As the cases pile up, the authorities do little to nothing. Although the police arrested a man who reportedly confessed to Chamusse’s murder, they did not deem it necessary to investigate who may have orchestrated the killing. No charges were made public following Sibia’s death or Inocência’s poisoning, nor after the disappearances of Chissale and Mbaruco: both community journalists, both abducted by men in uniform, according to witnesses, and both active in Cabo Delgado, a region in northern Mozambique where Al-Shabab operates.

“There have been no credible, thorough, impartial investigations on both cases,” said Carlos Quembo, researcher at Amnesty International. “And it’s unfortunate that the case of Ibraimo Mbaruco is closed without any explanation as to what happened.” For Arlindo Chissale, the authorities say they are investigating, but haven’t communicated on developments.

The situation is most concerning in Cabo Delgado, where the authorities are attempting to impose a media blackout on the conflict. “The media haven’t really been able to cover the situation properly. Local journalists who attempt to do so are being targeted,” Quintal told Forbidden Stories.

“The current system further closes the civic space in Mozambique,” said Wilker Dias, director of the NGO DECIDE, which specializes in supporting civil society. He claims to have been poisoned during a stay in Maputo in 2024. The rare reporters who have ventured there, including Estácio Valoi and Alex Perry, have been attacked, threatened or expelled. 

According to a journalist at Zitamar News, one of Forbidden Stories’ partner publications, “the authorities are not transparent about what is actually happening in the province,” and adequate security conditions are not in place for the press. “In many cases, public and private institutions do not cooperate with journalists,” said the journalist. Forbidden Stories observed this reluctance firsthand: few NGOs agree to collaborate with the press, fearing reprisals from the authorities.

To break this silence, Forbidden Stories is publishing “Mozambique Exposed”: the culmination of nearly 100 interviews and five months of work by 10 media outlets and 30 journalists.

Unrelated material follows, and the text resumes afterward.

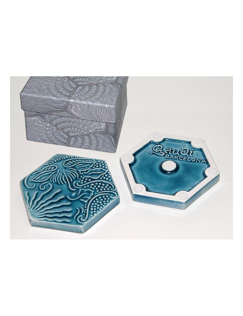 Pràctics posagots inspirats en la rajola hexagonal, amb motius marins, que Antoni Gaudí va dissenyar per la casa de Batlló (1904-1906), encara que finalment va ser instalada a la casa Milá (1906-1910).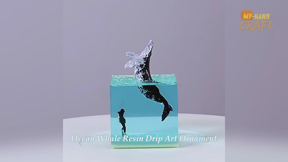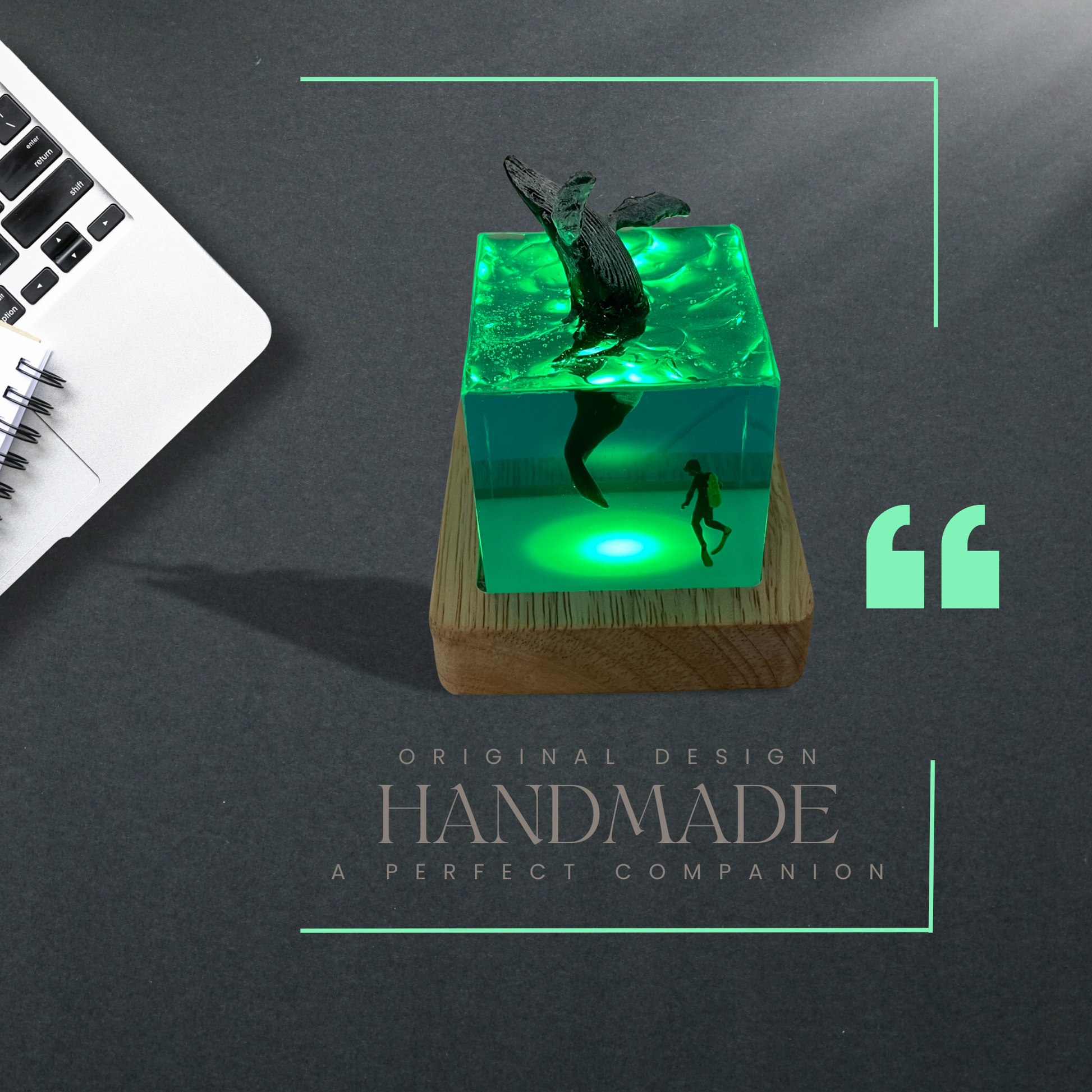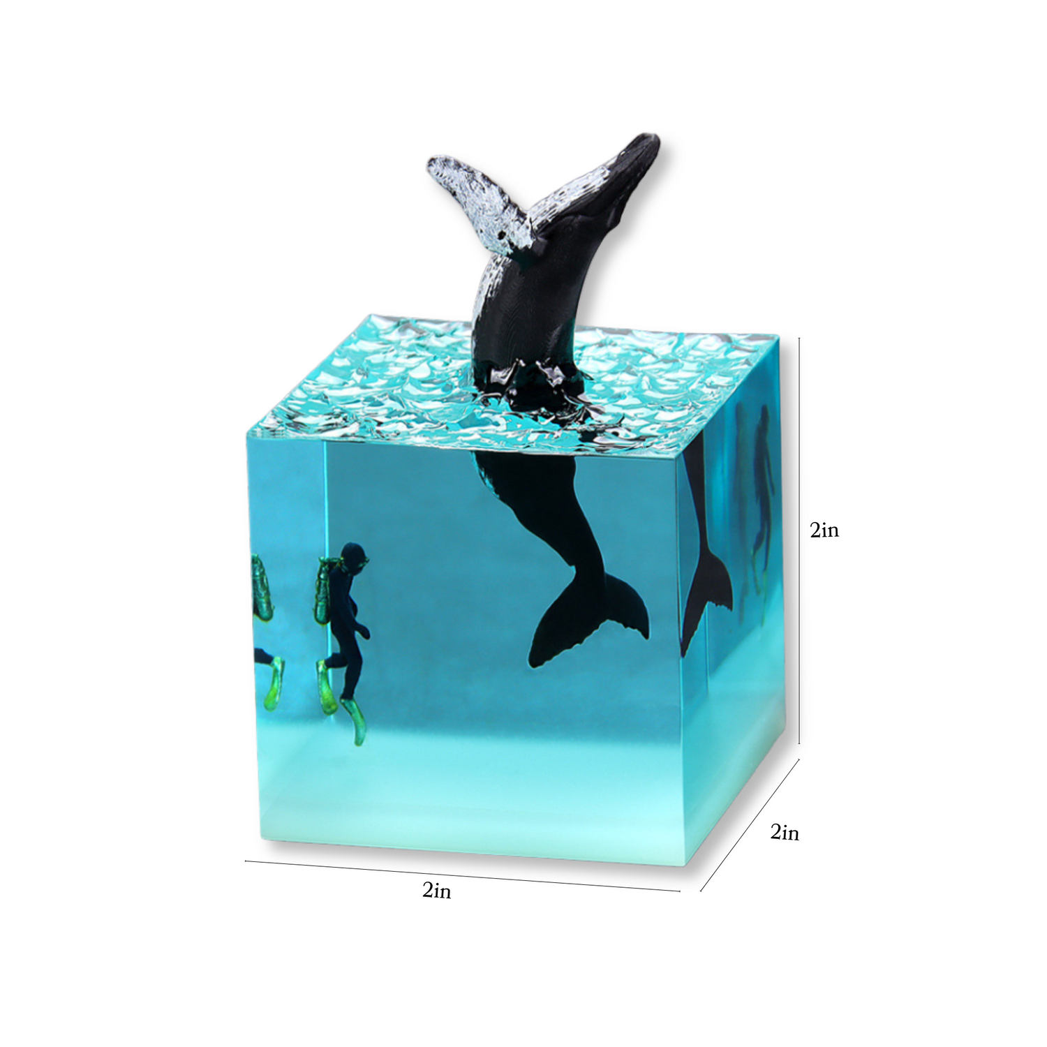 Bring the ocean’s magic to your desk!This handcrafted resin cube captures a majestic whale leaping from shimmering waves.

Part of the consortium traveled to Cabo Delgado to interview victims of the conflict, who have also experienced the collateral effects of the major gas projects reshaping the northeast coast of their traumatized region. Forbidden Stories worked alongside partners to reveal the inner workings of the machinery designed to silence opponents and journalists in the country. Further investigations will follow. “Often, foreign journalists have more freedom and security in covering these topics than local professionals,” said the journalist at Zitamar News. “It is important that the international media continue to show solidarity with Mozambican journalists.”